14. A method for using a composition to assess efficacy of a small drug molecule, the method comprising:

a) treating a sample containing the protein having the amino acid sequence of SEQ ID NO:1 with a molecule;

b) contacting the protein in the sample with the composition of claim 7 under conditions for complex formation; and

c) comparing the amount of complex formation in the treated sample with the amount of complex formation in an untreated sample, wherein a difference in complex formation indicates efficacy of the molecule.

15. A method for using a composition to assess toxicity of a compound, the method comprising:

a) treating a sample containing the protein having the amino acid sequence of SEQ ID NO:1 with a compound;

b) contacting the protein in the sample with the composition of claim 7 under conditions for complex formation; and

c) comparing the amount of complex formation in the treated sample with the amount of complex formation in an untreated sample, wherein a difference in complex formation indicates toxicity of the compound.

16. A method for treating prostate cancer comprising administering to a subject in need of therapeutic intervention the antibody of claim 1.

17. A method for treating prostate cancer comprising administering to a subject in need of therapeutic intervention the antibody of claim 2.

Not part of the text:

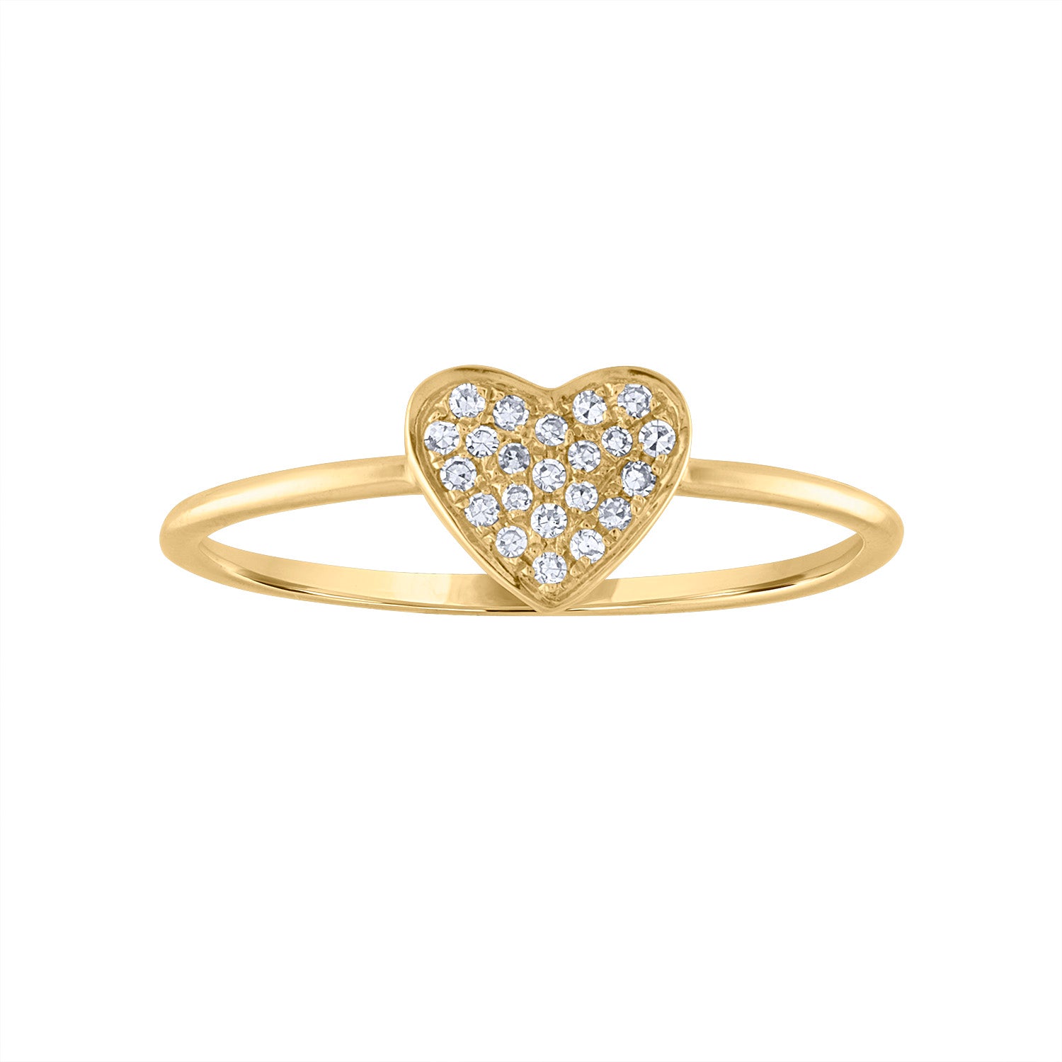 Make a heartfelt statement with this sweet and stackable 14k Gold Diamond Pave Heart Ring. This dainty and feminine ring is a jewelry box must-have. Wear this with some simple bands for a feminine look, or make it fun with other interesting rings!

18. A method for treating prostate cancer comprising administering to a subject in need of therapeutic intervention the composition of claim 11.

19. A method for delivering an antibody to a subject in need of therapeutic intervention, wherein the antibody is formulated injection.

20. A method for delivering a pharmaceutical agent to the prostate comprising administering the composition of claim 11 to a subject in need of therapeutic intervention, wherein the composition specifically binds the protein having the amino acid sequence of SEQ ID NO:1 or SEQ ID NO:8 thereby delivering the pharmaceutical agent.

21. The antibody of claim 1 wherein the antibody is identified with the protein having the amino acid sequence of SEQ ID NO:8 or an epitope from residue H227 to residue R246 of SEQ ID NO:8 by screening a plurality of intact immunoglobulin molecules, chimeric antibodies, polyclonal antibodies, recombinant antibodies, humanized antibodies, single chain antibodies, Fab fragments, F(ab′)2 fragments, or Fv fragments.